Midori tackles an off-the-beaten-path masterpiece.
Last weekend we had the appearance in Memorial Union concerts of Caroline Goulding, the 19-year-old violinist who is making the transition from child prodigy to mature artist, on a pattern already followed by Midori and Hilary Hahn. So it is appropriate that this weekend we should have Midori herself with us, as a guest soloist with the Madison Symphony Orchestra. The program debuted Friday night in Overture Hall.
The deceptively diminutive Japanese lady is certainly a powerhouse player, and she does us the favor of tackling an off-the-beaten-path masterpiece, the Violin Concerto No. 1 of Shostakovich. One of his darkly introspective works, reflecting its undercover composition during the Stalinist era, it belongs with the Cello Concerto No. 1 as a towering contribution to the concerto literature of the 20th century.
Midori clearly believes in it passionately, and she throws herself into performing it with total commitment. To be sure, she does not downplay the bravura demands of the long and fearsome cadenza that ends the third of the four movements. But it is her emotional involvement, rather than mere virtuosic display, that makes her performance so eloquent. The MSO are inspired to give powerful support, diving lustily into the brooding and swirling effects that vary through the work.
This concerto, constituting the concert's second half, serves to elevate a program whose first half is, to be frank, less than inspiring.
The symphonies of Haydn have increasingly been claimed by early-music and period-instrument groups of late. Andrew Sewell has proven to be a very sympathetic interpreter of them, using modern instruments but in the proper balances and transparent sound of the Wisconsin Chamber Orchestra. There is nothing wrong, to be sure, with the return of these works, especially the final 12 symphonies of Haydn's two London visits, to a modern orchestra with large string bands. Unfortunately, MSO music director John DeMain spoils his case by delivering a stiff interpretation of the Symphony No. 104, lacking much flexibility, humor or humanity, in deference to projecting a kind of proto-Beethoven sound.

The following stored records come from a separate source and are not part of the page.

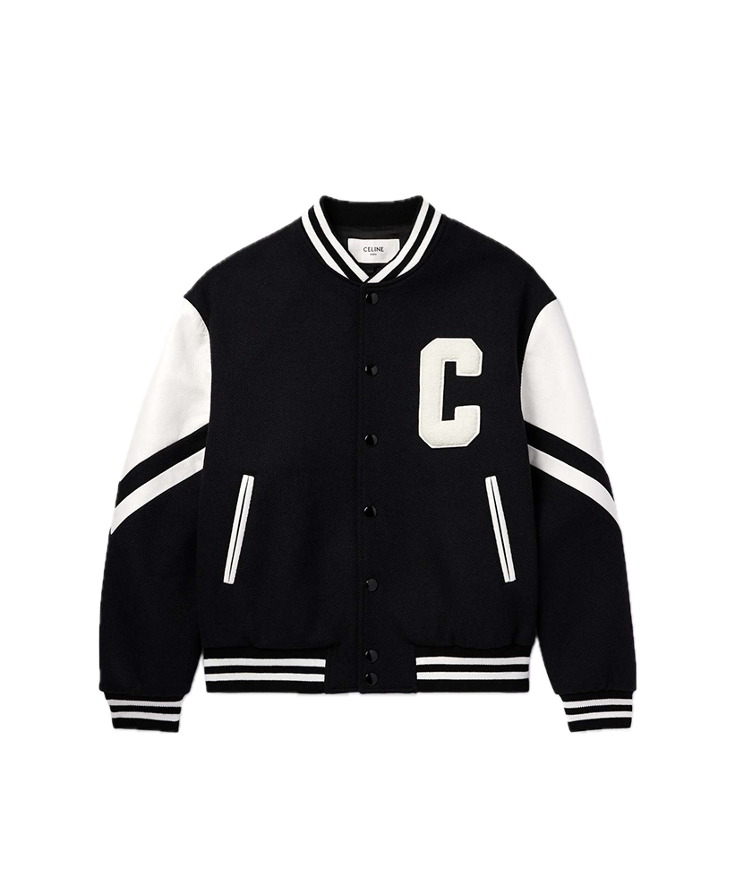 Celine Homme Logo-Apppiqueéd Virgin wool-blend and leather Varsity jacket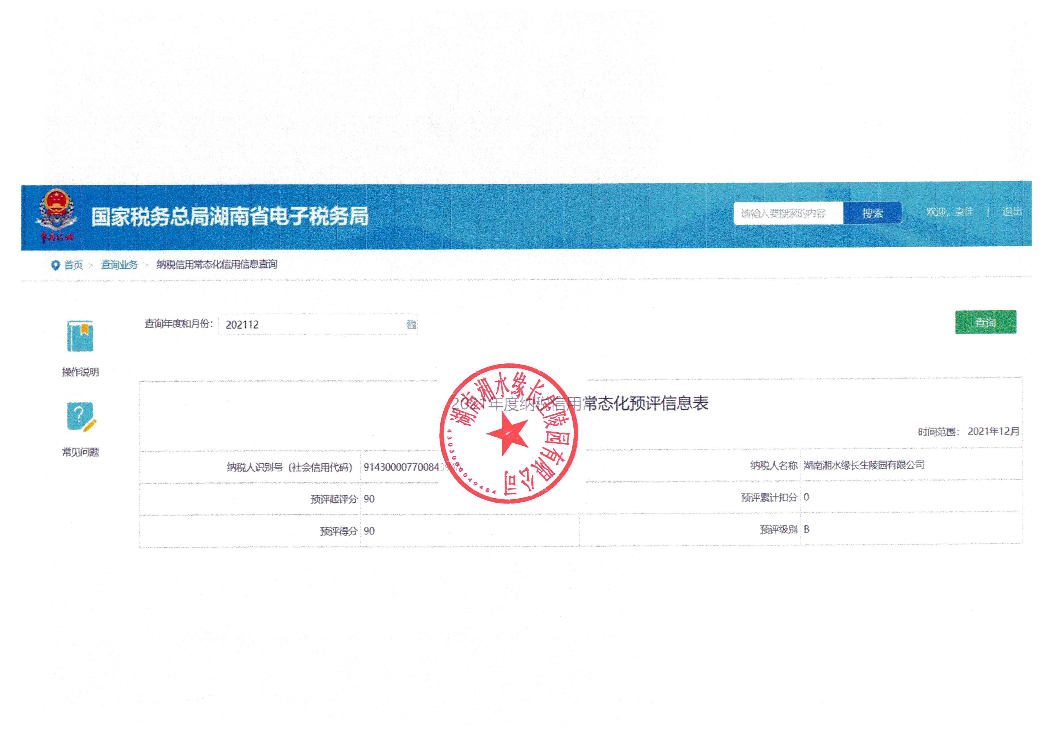 企業(yè)納稅信用等級報告: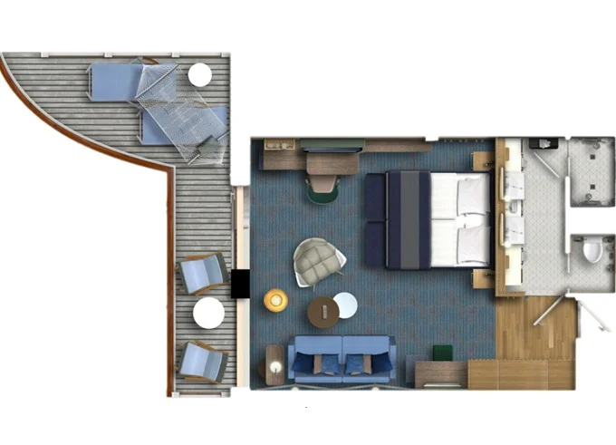 JBAO - Junior Suite s balkónom 26 m² + balkón 7 m² so stolom. 10,11. paluba. Max 4 osoby. Výhody Junior Suite. 10 198 € 10 198 € za osobu

For some unfathomable reason, too, he chooses to revise the string section seating, piling the second violins back behind the firsts again, and moving all the other groupings as well, only to reshift everything back afterwards to the more sensible arrangement of recent seasons.
This stage-sweeping is done to set up for Ravel's "La Valse," a pseudo-choreographic commentary on the fake vision of a Viennese culture in three-four time. DeMain does make a point of stressing traditional Viennese lilt early on. But this is a work of powerful Gallic irony, and DeMain, egging on an overly aggressive percussion battery, conveys it instead as an accumulation of noisy vulgarity. Very disappointing.
The program is repeated Saturday at 8 p.m. and Sunday at 2:30 p.m. Whatever other considerations are involved, Midori in Shostakovich should not be missed.